Whether someone might be more willing to absorb
the smoking education from a nurse isn’t
clear, Davis said, but a nurse has the medical
knowledge and usually already has established
a connection with the patient.
Close to you
In the past, the hospitals’ process was
for nurses to ask patients who were identified
as smokers if they wanted information about the
dangers of smoking and options for quitting. If
they said they did, the nurse referred the patient
to a respiratory therapist. With smoking cessation
counseling now one of the quality measures being
tracked for both heart failure and pneumonia,
the hospitals streamlined the process to reach
more patients, Davis said.
Now, during patient admission assessment, nurses
give tobacco education information to all patients
with a history of smoking in the last 12 months.
If the patient desires more intensive counseling,
the RN refers them to cessation classes or other
hospital resources.
“This revised process is more direct, has
fewer hand-offs and, as a result, more patients
are receiving information that will help them
consider their options and reasons for stopping
smoking,” Davis said.
The hospitals developed their own database to
give doctor- and nurse-specific feedback on quality
measures while the patient is still in the facility.

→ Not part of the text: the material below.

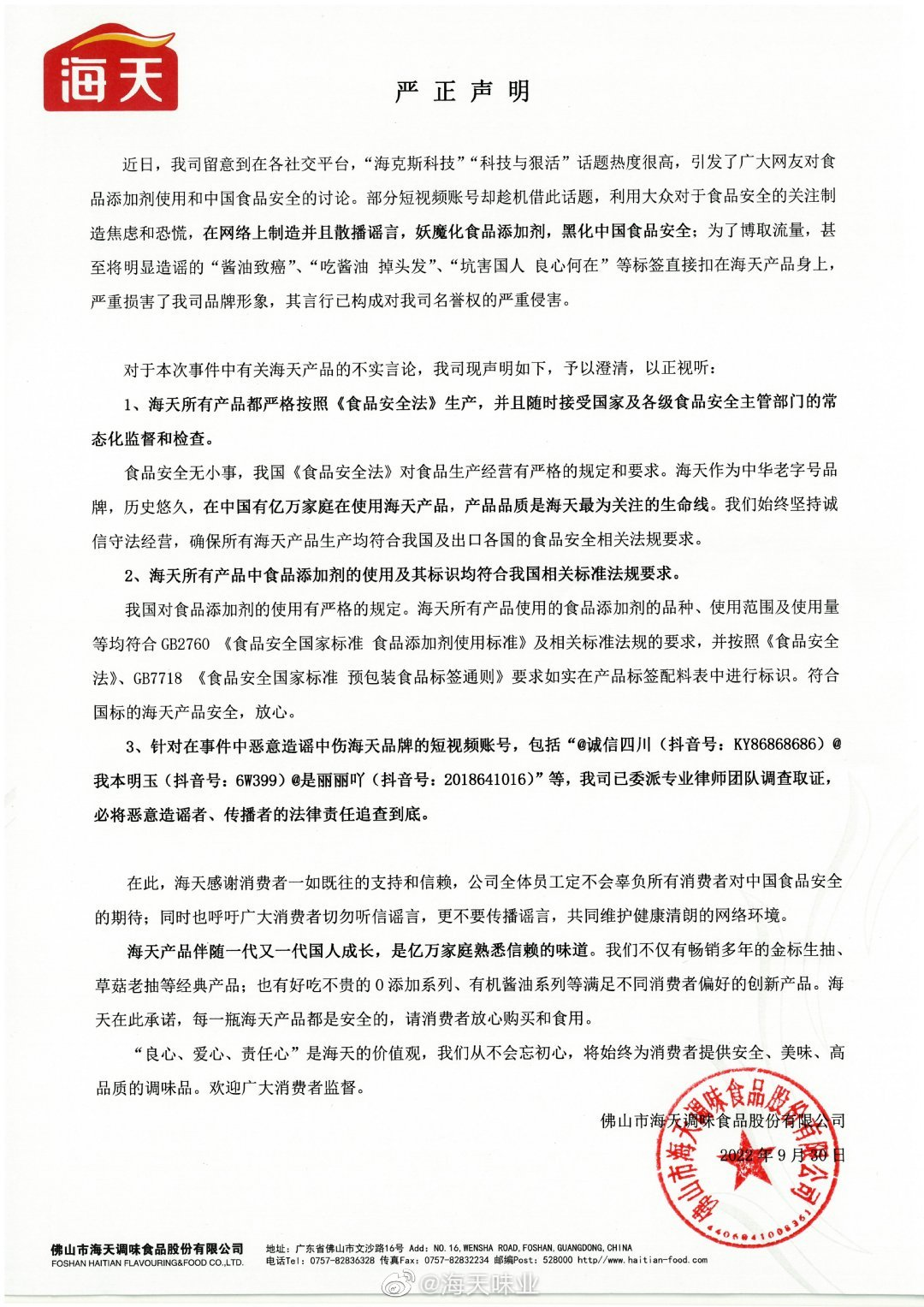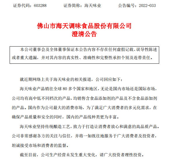 “酱油茅”第三次回应添加剂“双标”变乱! 10月9日晚间,海天味业在上交所发布澄清公告,再度回应食品添加剂“双标”质疑称,无论是国内市场还是国际市场,公司均有高中低差异档次的产物,均贩卖含食品添加剂的产物及不含食品添加剂的产物。 那么,颠末3次澄清后,海天味业的股价可否抗住呢? 海天味业再发澄清 长假期间,3800多亿市值的海天味业陷入添加剂“双标”风波。多个短视频账号爆料称,海天味业国外售卖的海天酱油配料表上没有添加剂,只有水、大豆、小麦、食盐等天然质料,而在中国售卖的除了天然质料之外尚有较多添加剂。 10月9日晚间,海天味业在上交所发布《澄清公告》,再度回应食品添加剂“双标”质疑。海天味业表现,公司产物销往环球80多个国家和地区,无论是国内市场还是国际市场,公司均有高中低差异档次的产物,均贩卖含食品添加剂的产物及不含食品添加剂的产物。国内作为公司最大的斲丧市场,为了满意广大斲丧者的多元化需求,在确保产物质量和安全的同时,国内的产物线种类更为丰富。 海天味业称,公司对峙传统酿造工艺,致力于打造让斲丧者放心和满意的高品格产物。公司非常感谢各方的关注与信托,并将一如既往地服务于广大斲丧者及投资者,坦诚继承市场和斲丧者的监视。 停止现在,公司生产策划未发生庞大厘革,请广大投资者理性投资。 此前曾两度公开回应 在此次公告发布之前,海天味业曾两次公开回应网络上的质疑。 第一次回应是在9月30日晚间,海天味业当时通过官方微博发布《严正声明》称,克日公司留意到在各外交平台,“海克斯科技”“科技与狠活”等话题热度很高,引发了广大网友对食品添加剂利用和中国食品安全的讨论,部门短视频账号利用大众对于食品安全的关注制造焦虑和恐慌,在网络上制造而且散播谎话,严肃侵害了公司品牌形象,其言行已构成对公司光荣权的严肃陵犯。 海天味业表现,公司全部产物都严酷按照《食品安全法》生产,海天全部产物中食品添加剂的利用及其标识均符合我国相干标准法规要求。针对在变乱中悉意造谣诽谤海天品牌的短视频账号,公司已委派专业状师团队观察取证,必将恶意造谣者、流传者的法律责任追查到底。 不外,在上述回应发布之后,海天味业的舆论热度仍旧不减。10月4日深夜,海天味业通过官方微博再次发文回应酱油添加剂争议。海天味业称,用食品添加剂来误导斲丧者以为中国食品比外国食品差,要么是不明原形,要么是别有效心。海天产物的内控标准要求,大多都高于乃至远高于国家标准,同一品格的产物,国内国际的内控标准都划一。因此,用所谓“双标”来挑起斲丧者和中国品牌企业的抵牾对立,不但打击了中国老百姓的斲丧信心,更会严肃影响“中国造”的天下荣誉。 10月5日破晓,中国调味品协会在官方网站发布《关于净化市场环境,引导调味品企业高质量发展的声明》。在声明中,中国调味品协会表现,国庆节期间,一则关于海天酱油等产物国表里“双标”的传言在网上疯传,对节日餐饮业和调味品市场造成严肃影响。此次变乱的发生,对中国调味品的生产和市场造成了不良影响,我们对此深表遗憾,并支持因舆情受到影响的调味品企业依法维权,追究网络造谣者的法律责任。 中国调味品协会称,食品生产企业在我国境内的生产策划应符合我国的法律法规及相应标准的规定,出口产物应符合出口国的法律法规及相应标准的规定或依照双方认同签订的收支口商业条约的技能条款。因各国的饮食和斲丧风俗差异,同一类产物的标准要求会有所差异。但是,标准本身并不存在高低之分。 我国食品添加剂的管理实行严酷的审批管理制度,食品添加剂的利用范围和限量要责备部颠末权势巨子机构的食品安全风险评估并被证实是安全可靠的。食品生产企业只要严酷按照GB2760《食品安天下家标准 食品添加剂利用标准》的规定规范利用食品添加剂,其生产的产物就是安全的。 周一股价咋走 海天味业是中国调味操行业的龙头老大,此中海天酱油产销量一连二十五年名列行业第一。根据公开资料,海天味业生产的产物涵盖酱油、蚝油、酱、醋、料酒、调味汁、鸡精、鸡粉、腐乳、暖锅底料等十几大系列百余品种500多规格,年产值高出两百亿元。 在二级市场上,海天味业是一只大牛股,上市以来股价累计涨幅一度靠近20倍,市值最高时靠近7000亿元。不外,自2021年1月中旬以来,公司股价启动漫长的调解,其间累计下跌44%,市值缩水近3100亿元。公司最新股价报82.82元/股,市值为3838亿元。 2020年以来,海天味业的营收及净利增速有所放缓。此中,2021年整年,海天味业营收为250.04亿元,同比增长9.71%;归属于上市公司股东的净利润为66.71亿元,同比增长4.18%。这也是自2011年以来,海天味业初次业绩增速为个位数。 2022年半年报表现,上半年海天味业实现业务收入135.32亿元、同比增长9.73%;归母净利润为33.93亿元、同比增长1.21%。此中,第一季度单季营收为72.1亿元,同比增长0.72%,归母净利润为18.29亿元、同比降落6.36%。第二季度单季,公司实现业务收入63.22亿元,同比增长22.19%,归母净利润15.64亿元,同比增长11.79%。可见,该公司的业绩在第二季度加快了。不外,公司整年仍旧面临较大的本钱压力。 当前,市场最关心的是,在颠末3次澄清后,海天味业的股价在周一会怎么走? 责编:战术恒 校对:杨

The nurses are excited about the opportunity to
get “real-time” performance information,
Davis said, so they can see how to improve their
care.
Nurses also are playing a significant role in
extracting the data, reviewing 750 to 1,000 charts
a month. Not all the information can be captured
electronically. Davis said she plans to hire a
master’s-prepared nurse as a “super-duper
case manager” or outcomes coordinator to
help with the project.
At Peninsula Regional Medical Center in Salisbury,
Md., nurses already are seeing early positive
results from tracking quality measures. The hospital
has joined other Maryland medical centers in a
statewide quality initiative to reduce surgical
infection rates, which may prove advantageous
when they start participating in the Medicare
project.
The hospital’s surgical infection rate
dropped 39% in 2003 compared to 2002, said Donna
Thompson, RN, BSN, director of performance improvement.
In the statewide project, the hospital used its
open-heart surgery patients as the test group
and tracked the quality measures for administering
antibiotics.
“I guess we’re kind of ahead of the
game with the [Medicare project],” Thompson
said, as a result of the participation in the
Maryland initiative.
The 320-bed hospital has three nurses, all with
intensive care backgrounds coordinating the data
collection. Thompson hired Denise Conklin, RN,
BSN, and Gayle Kittile, RN, BSN, as analyst consultants
to work with the multidisciplinary teams involved
in the initiative.
The hospital is in a popular retirement area,
and its Medicare population is growing. Last year,
Thompson said, about 50% of the hospital’s
patients received Medicare benefits.
“I like the goals of the project,”
Kittile said. “I think it’s the right
thing to do for our community.”
When the nurses see outcomes, they know they
are making a difference, Thompson said, and the
hospital posts the data for nurses to monitor.
“It’s really important for them to
see the big picture,” she said. “They
get so caught up in the day-to-day minutiae. It’s
good to see the fruits of their labor.”